Не найдя утешения в православной церкви, Екатерина утратила, выражаясь языком психиатра Роберта Джея Лифтона, эффективный способ отрицания власти смерти или, по крайней мере, способ примирения с мыслью о смерти. Три прочие символические типы поведения, которые Лифтон определяет как способы справиться со страхом смерти, были ей в равной мере недоступны. Биологическое бессмертие позволяет человеку «продолжать жить» в своих отпрысках. Однако, учитывая отношения Екатерины с ее единственным сыном Павлом, родство которого с Петром III она поставила под сомнение в своих автобиографических записках, эта форма бессмертия привлекала ее мало. Более того, люди XVIII столетия еще не были знакомы ни с символическим бессмертием, достигаемым посредством единения с природой, ни с эмпирической трансцендентностью, где осознание течения времени преодолевается с помощью наркотических препаратов, спортивных упражнений и тому подобного. Поскольку императрица никогда не претендовала на звание гения, бессмертие, достигаемое артистическими усилиями, подобное тому, которого добились Вергилий и Цицерон, было ей явно заказано. Она признавалась всем и каждому, что не умеет ни слагать стихи, ни сочинять музыку{104}. Она могла, однако, мудро управлять страной, вводить законы и показывать пример их соблюдения, подчиняясь им сама. В общем, она могла создать «регулярное» полицейское государство. Именно это, с благословения Вольтера, она и попыталась сделать, понимая, что в случае успеха ее замысла она может быть уверена, что имя ее сохранится на веки вечные. Это знание (вновь прибегнем к теории Лифтона) отвечало ее потребности «перед лицом неотвратимости биологической смерти поддерживать внутреннее ощущение непрерывности — того, что было до нее, и того, что будет после, — иными словами, ощущение, что она продолжает существовать как индивидуальность»{105}. Если бы Екатерине пришлось самой выразить ту же мысль в классических терминах, она, вполне вероятно, обратилась бы к «Памятнику» Горация, приведенному в качестве эпиграфа к данной статье:

Так! — весь я не умру, но часть меня большая, От тлена убежав, по смерти станет жить…

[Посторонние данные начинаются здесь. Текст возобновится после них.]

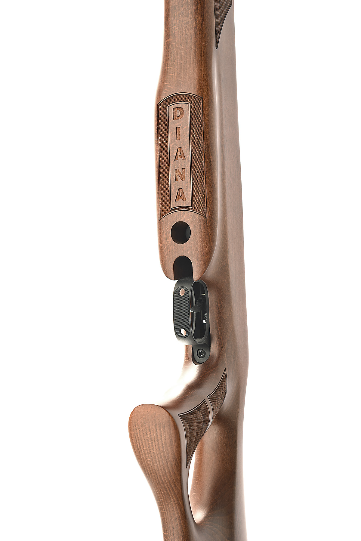 for 2015, 17 1/2in. unsighted barrel including permanently attached sound moderator, sliding breech, blued air chamber with sight rail, manual safety, ambidextrous chequered thumbhole stock with cheekpiece, 14 1/2in. pull including rubber recoil pad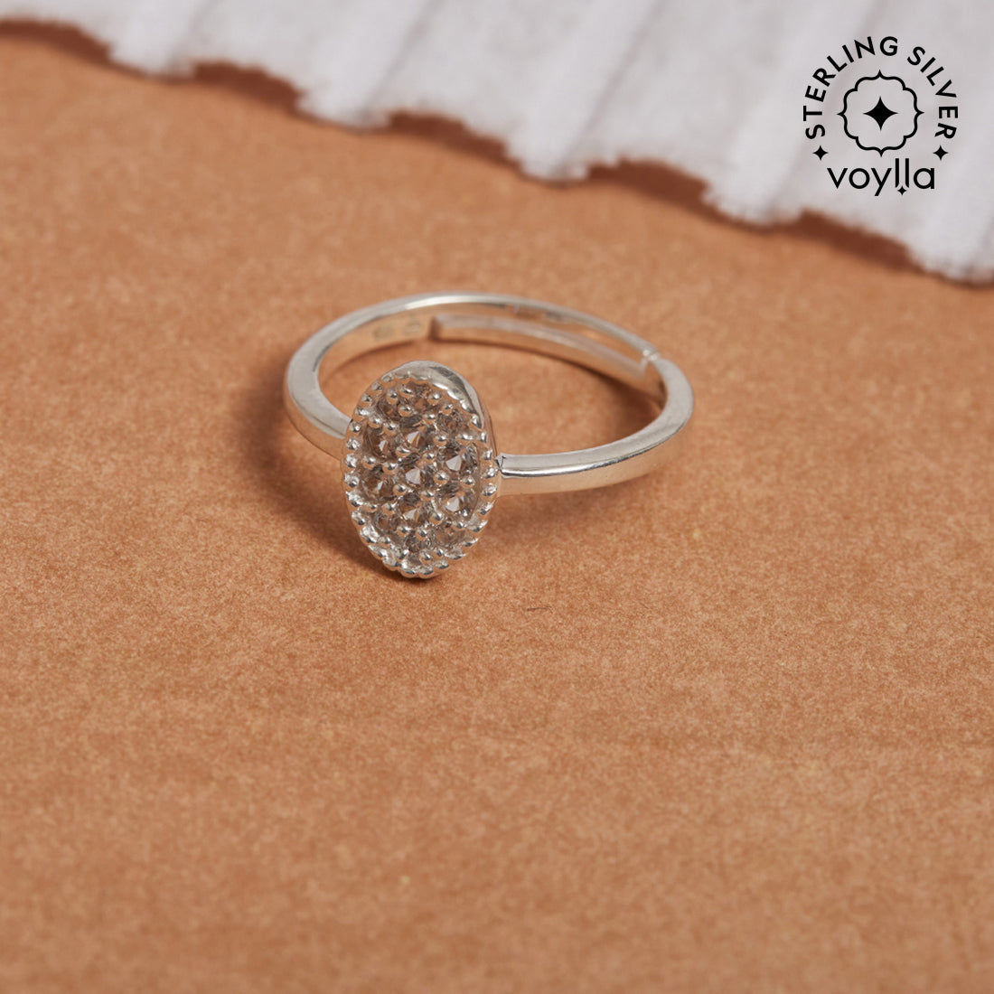 CZ Stone Beaded 925 Sterling Silver Adjustable Ring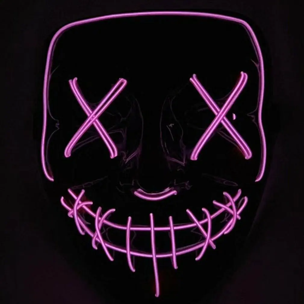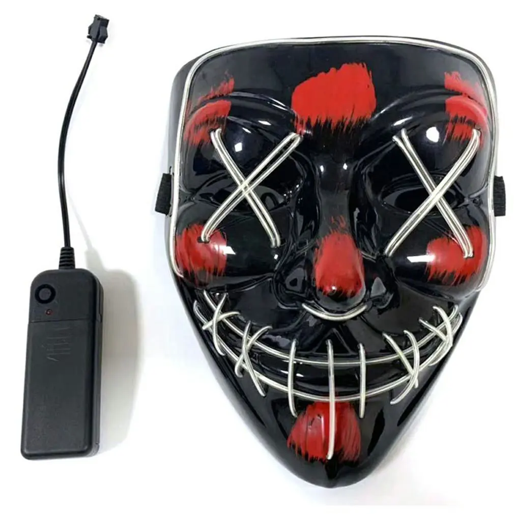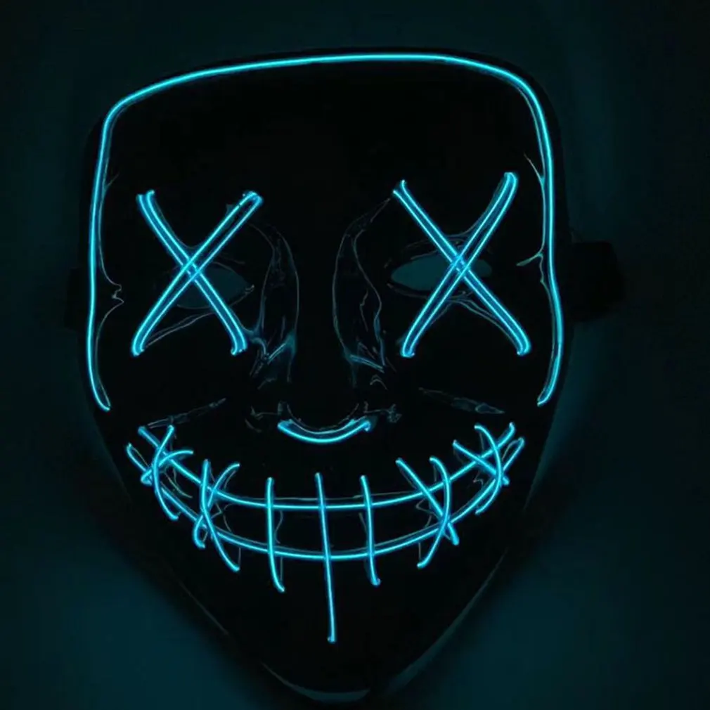 Светодиодная маска для вечевечерние НКИ на Хэллоуин, маскарадные маски, неоновые маски, светящаяся страшная маска, светящаяся маска смешанных цветов
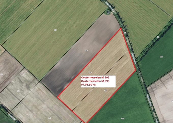 De kadastrale percelen Oosterhesselen M 592 en Oosterhesselen M 593 zijn belast met een zakelijk recht als bedoeld in het voormalige artikel 5, lid 3, onder b, van Belemmeringenwet Privaatrecht ten behoeve van TenneT TSO B.V.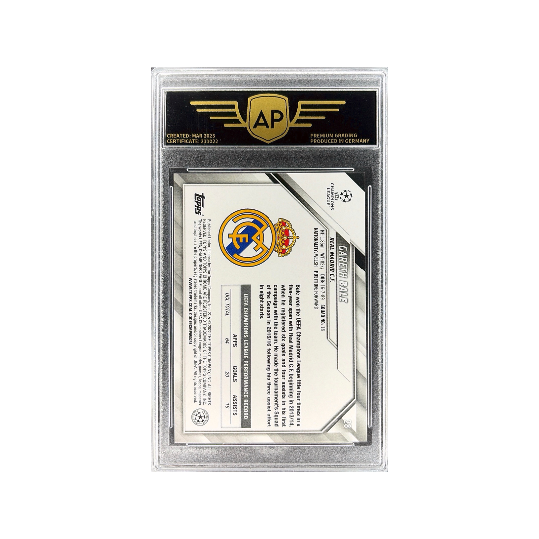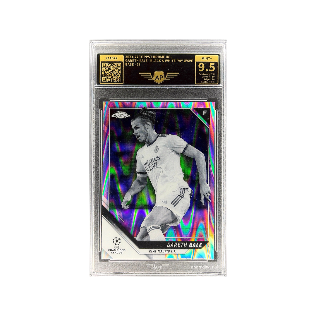 This card combines a sleek monochrome player image with a vibrant, wavy refractor background, creating a strong visual contrast typical of the popular RayWave parallels. A standout collectible highlighting Bale during his time at Real Madrid. Professionally graded 9.5 MINT+ by AP Grading.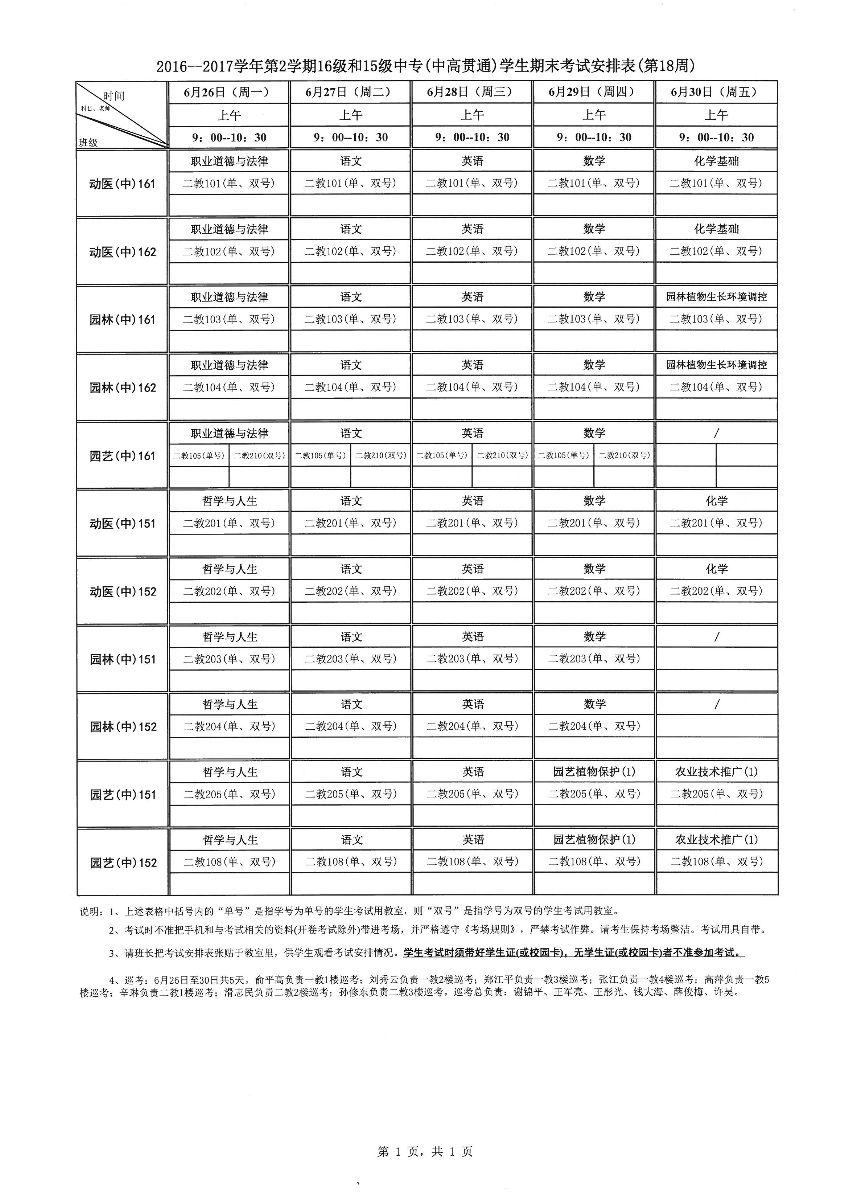 2016--2017学年第2学期16级和15级中专(中高贯通)学生期末考试安排表(第18周)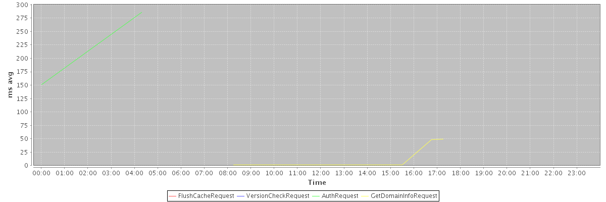 avg(FlushCacheRequest) = 59.00 avg(VersionCheckRequest) = 287.00 avg(AuthRequest) = 218.50 avg(GetDomainInfoRequest) = 0.91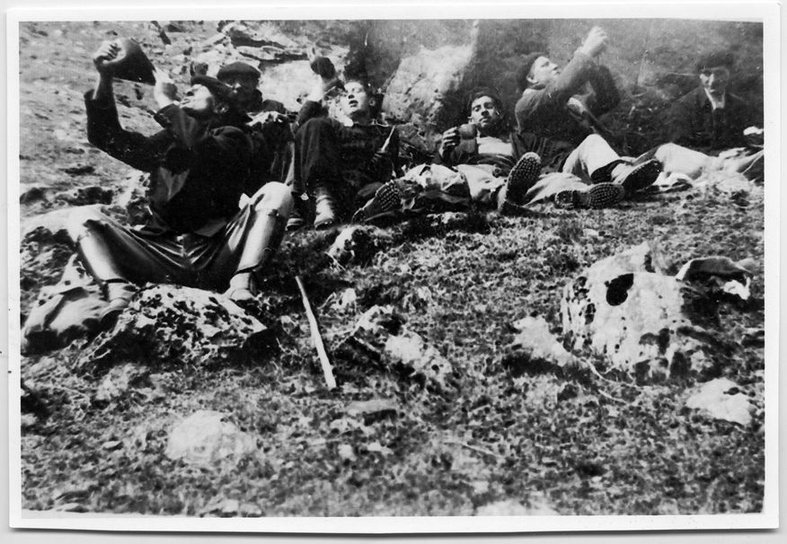 Contenido: Grupo de 5 fotografías tomadas en el valle de la Gèla en Francia en las que aparecen Michel Castells y sus hijos actuando como voluntarios ayudando a pasar el puerto a los milicianos heridos y a la población civil en la retirada de la 43 DV durante la bolsa de Bielsa. Traducción de la nota del reverso: La postura. En el centro bebiendo en bota Michel Castells, mi padre, a su derecha tumbado, mi hermano Henri. La Gèla. |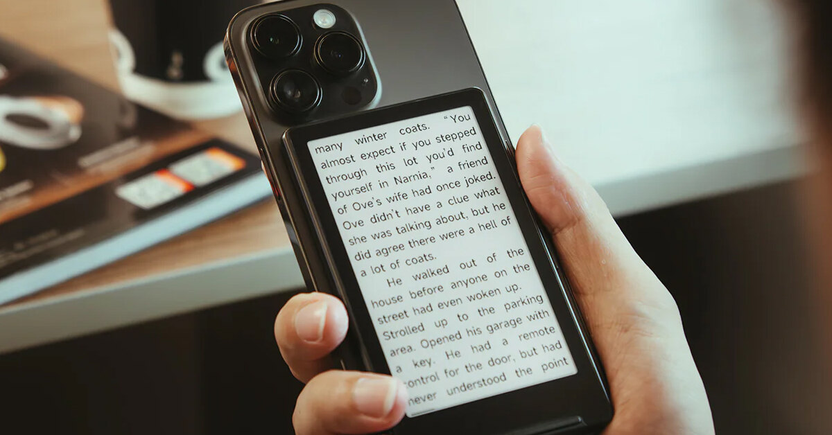 Это устройство с 4,3-дюймовым экраном E Ink, которое меньше и тоньше любой модели Kindle или Kobo. Но главная фишка не в размере, а в том, что ридер можно магнитно прикрепить к задней панели iPhone, Pixel 10 или любого другого смартфона с поддержкой MagSafe или Qi2.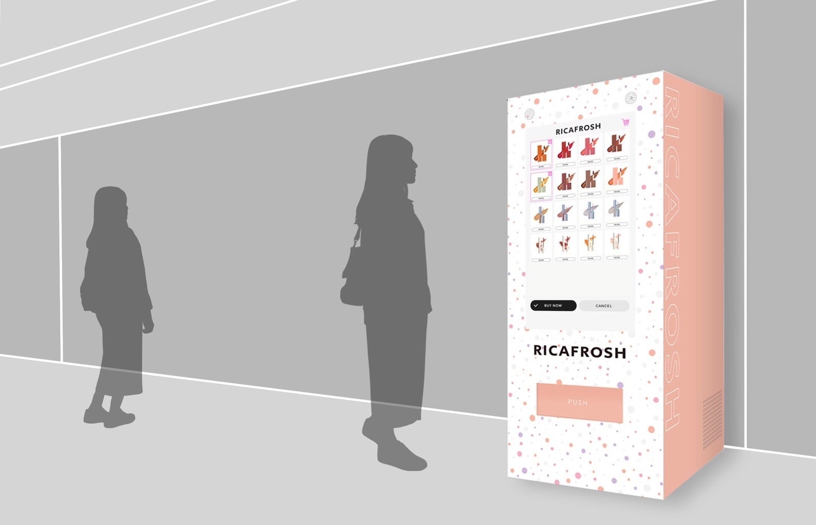 今回活用するコスメ専用大型自動販売機「PRENO」では、大型のタッチパネルを通して商品の選択や購入を行うことで、複数商品の同時選択・購入が可能になり、ユーザーはECサイトで買い物をするような流れで商品を購入することができます。自販機の外側にはRICAFROSHの商品パッケージを彷彿とさせるデザインを施し、大モニターではブランドムービーを放映。ご購入時にランダムで商品やクーポンの特典が付いてくる仕組みなど、RICAFROSHが表現する世界観を楽しんでいただける仕掛けを施しました。各種キャッシュレス決済にも対応し、ブランドとしてこれまで接触がなかったユーザーにも、新たにブランドを知っていただくと共に、手軽に購入いただけるような場として展開いたします。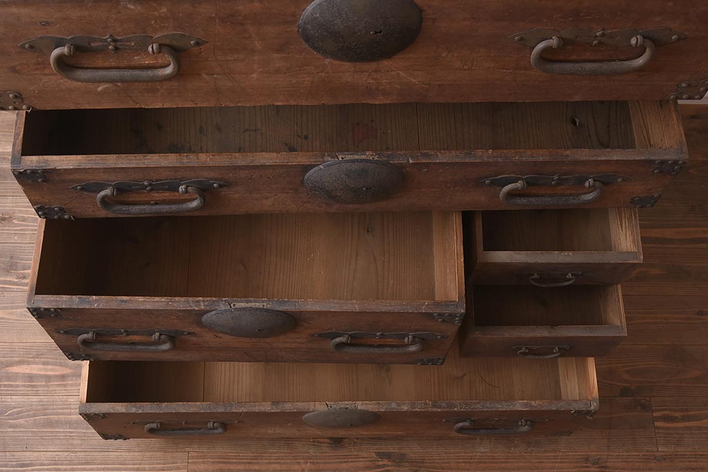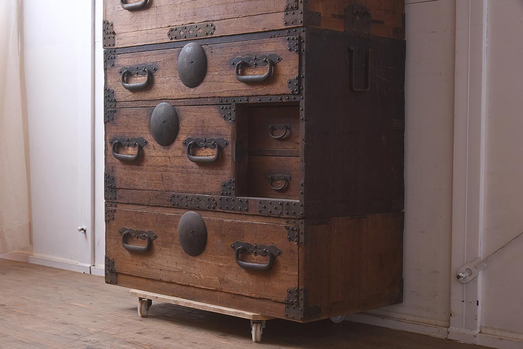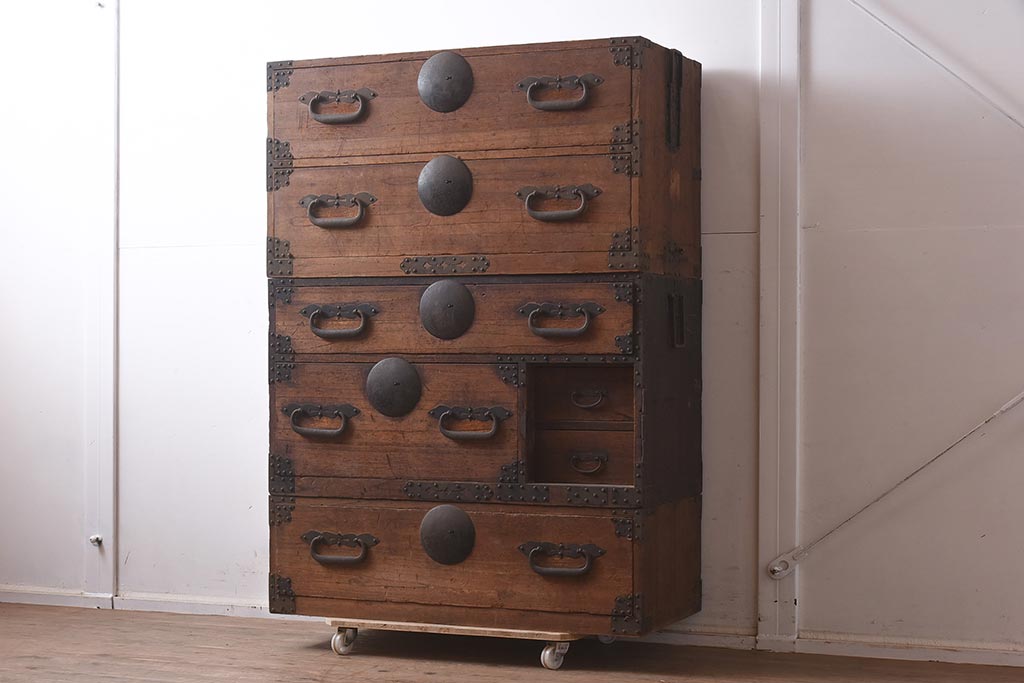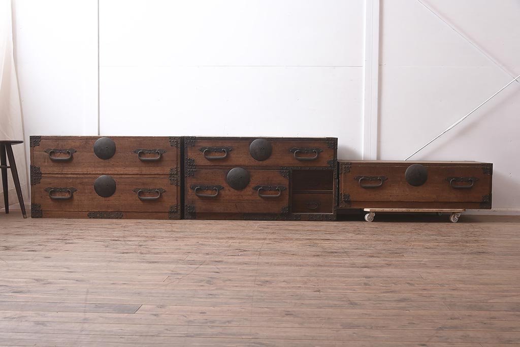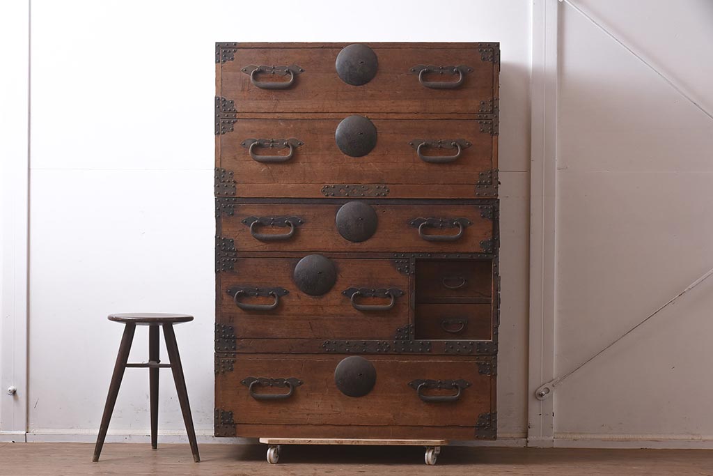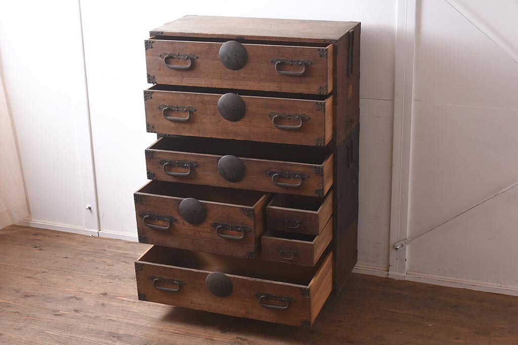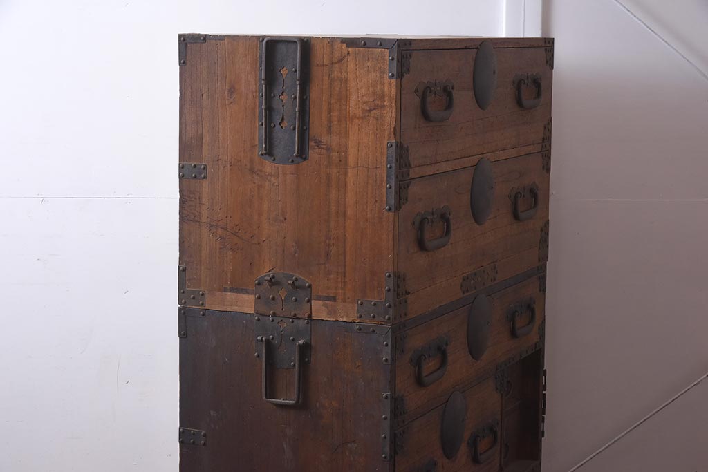 アンティーク家具 和製アンティーク 明治大正期 三段重ね 希少な五丁引き!和の趣漂う箪笥(重ね箪笥、衣装箪笥、引き出し)(R-043489)です。

Идея символического бессмертия, сколь бы полезной она ни была, ни в коей мере не объясняет полностью поступки Екатерины [26] . В некоторой степени она их проясняет. Представление о символическом бессмертии проливает новый свет на отношения императрицы с Вольтером. Если уж на то пошло, оно также помогает выявить интеллектуальный контекст, в котором она действовала, — контекст, который наиболее ясно представлен авторами соответствующих статей в «Энциклопедии». В лучшем случае это понятие позволяет понять мотивацию, стоявшую за поступками Екатерины в первые годы ее царствования, — желание добиться одобрения со стороны ключевых фигур среди литераторов, особенно Вольтера. Фокусируясь на намерениях, а не на результатах, можно свести к минимуму искушение полагаться на анахронистические суждения — искушение, которому историки екатерининской России не могли противостоять. В итоге остается императрица, жаждущая добиться символического бессмертия, стремясь соответствовать стандартам, установленным Вольтером и его собратьями по цеху. Хотя со времен египетских фараонов правители стремились достичь бессмертия, воздвигая памятники самим себе, лишь Екатерина, единственная среди российских правителей XVTII века, попыталась избежать забвения, соизмеряя свои действия с ценностями, пропагандировавшимися прогрессивным общественным мнением Европы. Поскольку (правильно или нет) просвещенный деспотизм чаще всего ассоциируется с Просвещением, а Просвещение с Вольтером, мы неизбежно приходим к выводу о том, что попытки Екатерины приспособиться к стандартам, заданным Вольтером, как раз и наполняли екатерининский просвещенный деспотизм его «просвещенным» содержанием.

26

Как мне кажется, определенный спад в настроении императрицы вполне очевиден в период между 1778 и 1784 гг. Первым из потрясений этих лет для императрицы стала смерть Вольтера (а также, хоть и в меньшей степени, Уильяма Питта (Питта-старшего; в 1778 г. — Примеч. науч. ред.); в 1783 г. умерли два человека, сыгравшие первую скрипку в возведении Екатерины на трон: Григорий Григорьевич Орлов и Никита Иванович Панин; но самой большой потерей за эти годы стала для нее смерть ее юного любовника Александра Дмитриевича Ланского у нее на руках в 1784 г. Последнее событие особенно сильно подействовало на императрицу. Излечиться от своей глубочайшей меланхолии она смогла лишь благодаря сочинениям врача Иоганна Георга Циммерманна. (И.Г. Циммерманн — лейб-медик ганноверского курфюрста; имеется в виду его труд «Об уединении» в 4 т.: Zimmermann J.G. (Uber die Einsamkeit. Bde. 1–4. Leipzig, 1784–1785. — Примеч. науч. ред.) Эти работы также преисполнены цицероновской жажды бессмертия, однако здесь она в значительной степени приправлена ностальгией.

Часть 2.

ПОЛИТИЧЕСКИЕ ВЗГЛЯДЫ

Екатерина II: императрица-республиканка

Pour 'ecrire 1'histoire, l'historien ne saurait n'egliger de remonter `a l'esprit du si`ecle, sans que son histoire ne s'en ressent; tons les hommes sont homines sur la terre, et chaque si`ecle a son esprit et sa tendance [27] .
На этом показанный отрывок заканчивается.